Olho seu trabalho e penso em Crumb, vejo Crumb aqui e ali. Depois, olho melhor e digo: não é Crumb, é mais remoto, é Al Capp. Aí, não chego a conclusão nenhuma. Quais foram suas maiores influências?

Lá no princípio, 1976, 1977, o Crumb realmente me inspirou. Mas foi principalmente Gilbert Shelton (criador dos Freak Brothers) e, mais tarde, seu mestre Basil Wolverton que foram e ainda são minhas principais influências no traço. Minhas narrativas, podem não parecer, são influenciadas por René Goscinny (Asterix) e Hergé (Tintin). Nos textos e temas, divido minhas atenções entre os escritores Henry Miller, Jean Genet, Hermann Hesse, com o cinema clássico americano (John Huston, Otto Preminger) e o cinema alemão de Werner Herzog e Fritz Lang.

Os caras mais ‘malditos’ das artes brasileiras hoje são o Glauco Mattoso e você mesmo. Poucos sujeitos conseguem causar reações de rejeição tão fortes. Você se acha em boa companhia com o Glauco?

Não sei se o Glauco se sentiria à vontade em ser comparado à mim. Mas, da minha parte, é uma honra figurar ao seu lado. Glauco Mattoso é um monstro sagrado da literatura e quisera eu ter o brilhantismo e lucidez que ele possui.

Uma vez eu falava com um amigo jornalista sobre seu trabalho e ele disse: ‘Marcatti? Quem? Aquele cara é doente!’ Você é doente? O que o faz procurar uma temática tão polêmica e disforme?

Doente?… Às vezes sinto um pontada aqui, uma dorzinha ali… Mas nada que um bom laxante não resolva… Não vejo minhas histórias sendo tão polêmicas. A escatologia é um mero condimento no desenrolar das tramas simples de minhas personagens.

Mesmo nas HQs internacionais, hoje, poucos artistas mantêm uma coerência tão grande quanto você. Isso, muito provavelmente, manteve você fora das grandes editoras por muito tempo. Como sobrevive? Que tipo de atividade você exerce, além de cartunista?

Sou pós-graduado em teimosia e bacharel em murro em ponta de faca. Como nunca procurei por uma grande editora e não é costume dela, no Brasil, ir à caça de autores, ficar fora das editoras se deve muito mais à minha insistência quase obsessiva em ser independente.
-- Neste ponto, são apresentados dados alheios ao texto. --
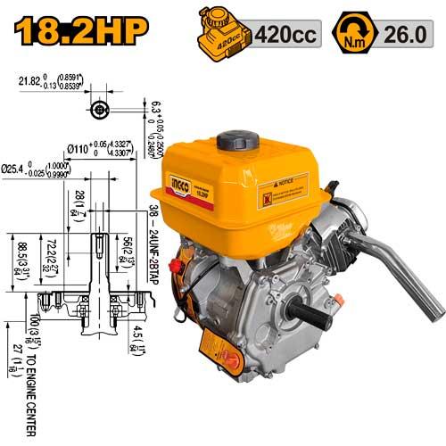 Engine type: single-cylinder, vertical 4-stroke, air-cooled

O quadrinho nunca foi fonte de renda, mas nada me realiza mais do que criar, desenhar e contar histórias de pessoas que quase existem.

Como você define esse trabalho, o Mariposa, que abre com um texto dizendo o seguinte: ‘Permito-lhe, caro leitor, que me ouça, mas não lhe dou o direito de me aconselhar em nada.’ Isso parece soar como um harakiri artístico, não?

A frase a qual você se refere é parte da introdução do Mariposa. Como o livro é narrado em primeira pessoa, o pensamento vem do protagonista que naquele momento degusta os sabores amargos de sua solidão.

Você nunca teve problemas com as feministas? Não te acusaram de sexista, porco chauvinista, etc. e tal?

Espero que isso nunca aconteça. Vejo a mulher quase como uma entidade superior da qual nós, homens, somos inteira e completamente dependentes e submissos. É ela que quase sempre tem papel decisivo nas minhas histórias a despeito dos protagonistas masculinos acreditarem-se heróis dos acontecimentos. Não é à toa que a palavra protagonista tem sua inflexão feminina. Se, como autor, alguma vez não me fiz entender, é porque sou um macho. Com todas as limitações, incoerências e pobreza de princípios que essa natureza me concerne.’